Пропал человек, ищи-свищи. Распался на составные части, потерялся в толчее и не видно его нисколько. Собрать всех надо, созвать. Ау! Василий! Ау! ау! Наташа! Где вы — Грета? Степан Алексеевич? — куда вы все подевались? Эй! Хлодвиг! Леонардо да Винчи! — отзовитесь!
Никто не отзывается… Пусто вокруг, словно все вымерло, словно и не было никогда тех удивительных трех недель, вместивших больше, чем смог выдержать мой слабый мозг.
…Выпустили меня из тюрьмы через год и четыре месяца. Полковник Тарасов долго бился, пытаясь возвратить мою утраченную чувствительность. Он даже стрелял в меня холостыми патронами, предполагая саботаж. Но это не помогало.
Тогда меня свезли в пансион закрытого типа и восемь месяцев лечили. Я начал ходить.
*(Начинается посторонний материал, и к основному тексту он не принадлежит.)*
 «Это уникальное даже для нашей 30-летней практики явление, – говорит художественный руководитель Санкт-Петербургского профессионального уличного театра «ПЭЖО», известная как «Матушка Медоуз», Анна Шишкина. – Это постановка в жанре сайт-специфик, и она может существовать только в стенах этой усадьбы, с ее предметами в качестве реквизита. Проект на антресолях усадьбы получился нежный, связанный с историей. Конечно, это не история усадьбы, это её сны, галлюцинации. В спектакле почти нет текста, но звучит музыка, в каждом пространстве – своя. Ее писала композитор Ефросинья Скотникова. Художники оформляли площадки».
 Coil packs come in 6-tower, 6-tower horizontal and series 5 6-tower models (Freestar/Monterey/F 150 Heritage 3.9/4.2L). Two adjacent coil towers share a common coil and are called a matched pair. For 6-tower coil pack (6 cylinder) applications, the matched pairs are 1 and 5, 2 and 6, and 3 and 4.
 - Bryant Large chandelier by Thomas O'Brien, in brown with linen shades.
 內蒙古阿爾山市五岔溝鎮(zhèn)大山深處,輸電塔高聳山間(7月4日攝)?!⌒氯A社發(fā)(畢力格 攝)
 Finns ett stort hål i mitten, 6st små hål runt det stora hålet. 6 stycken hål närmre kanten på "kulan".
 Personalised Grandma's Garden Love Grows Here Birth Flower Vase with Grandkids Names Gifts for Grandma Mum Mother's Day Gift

Причина моей болезни коренилась в неуверенности. Я боялся передвигать ноги: вдруг поскользнусь. Мне, приученному все знать заранее, было нелегко вернуться к нормальной жизни, полной неожиданностей. Подойдет, бывало, доктор в колпаке, а у меня пульс подскакивает при одном приближении. Ведь ничего же неизвестно: вдруг этот доктор вместо пульса даст по морде? Кто знает, что у него на уме?
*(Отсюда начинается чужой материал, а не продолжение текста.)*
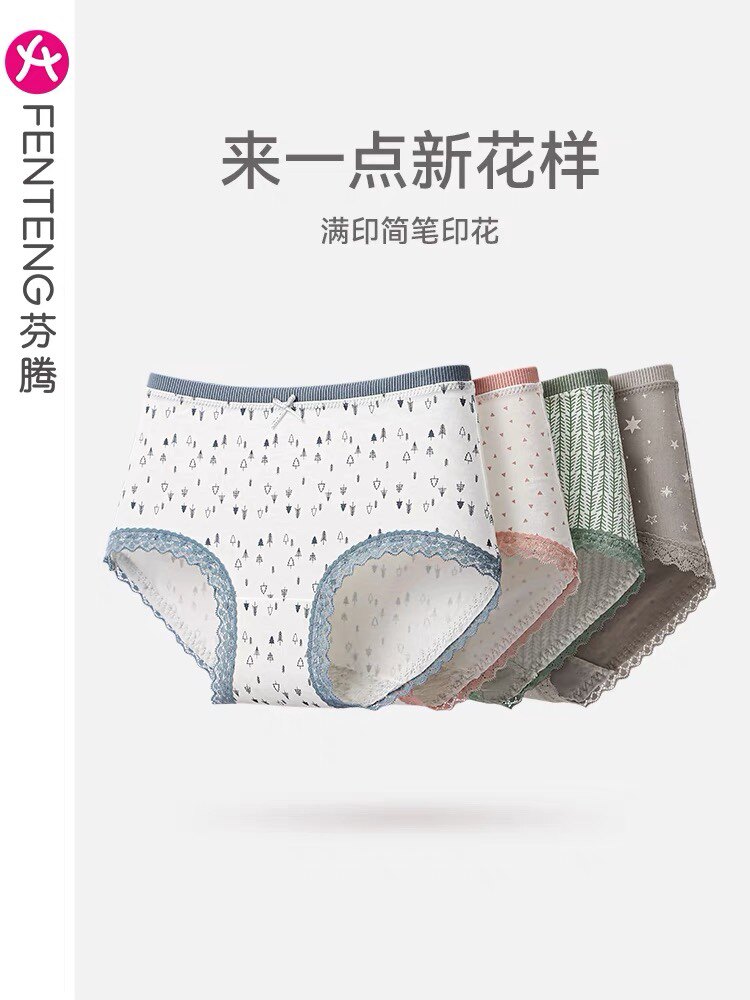 Fentenpants Women's Pure Cotton Middle Waist Antibacterial Breathable Lady Triangle Pants Sexy Sweet Girl Full Cotton Crotch Shorts Head-Taobao
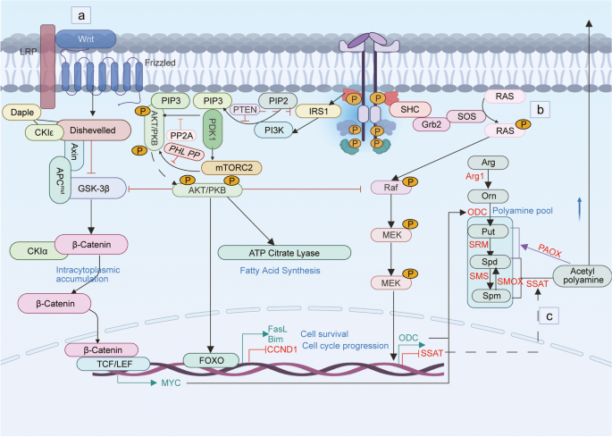 The regulatory pathways of polyamines in CRC. a Activation of the Wnt signaling pathway results in the inability of β-catenin to undergo phosphorylation by GSK-3β, ultimately leading to its accumulation within the cell and subsequent nuclear translocation. Upon entering the nucleus, MYC expression is upregulated through binding to TCF/LEF, which will increase the expression of ODC. B Excessive stimulation of the RAS signaling pathway results in the stimulation of ODC expression while suppressing the expression of SSAT. c. PI3K/AKT pathway can regulat the Wnt and Ras signaling pathways. Elevating the expression of ODC and reducing the expression of SSAT will result in an augmented intracellular pool of polyamines. The elevation in polyamine concentration frequently correlates with an unfavorable prognosis. Created with BioRender.com
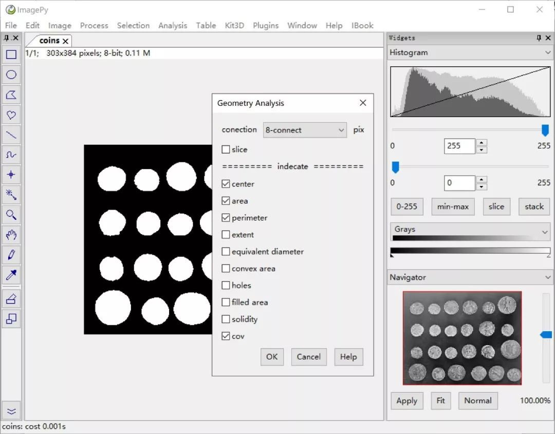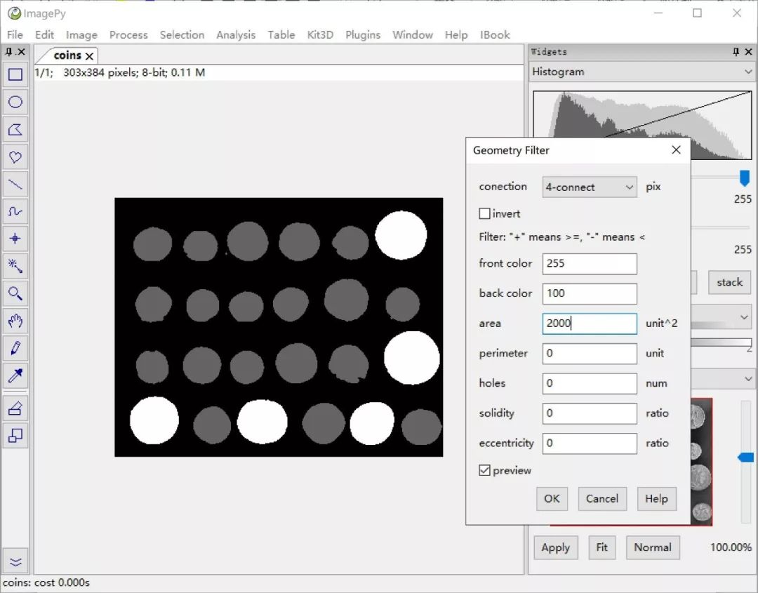 菜单:Analysis > Region Analysis > Geometry Filter,对区域进行过滤,这里可以简单的通过面积进行过滤,ImagePy的几何过滤可以通过面积,周长,拓扑,丰满度,偏心率等指标对区域进行过滤,可以输入复合条件,正数表示选择大于等于,负数表示选择小于,通过过滤的被设定为front color,没通过的设定为back color,back color设定为100可以清楚看到有哪些被滤掉了,如果确认符合要求,back color设定为0,即清除。同时ImagePy也支持灰度密度过滤,颜色过滤,色彩聚类等功能。

Затем — снова полковник. Но драться он перестал и был мрачен. Ему за меня влетело: слишком долго возился с явным шарлатаном и поддался антинаучной гипотезе. Коньяки, выпитые со мною за казенный счет, ему тоже припомнили. Всюду есть свои завистники. Да и времена изменились.
Шел 1953-й год: всеобщее ослабление. На его служебной карьере стоял крест.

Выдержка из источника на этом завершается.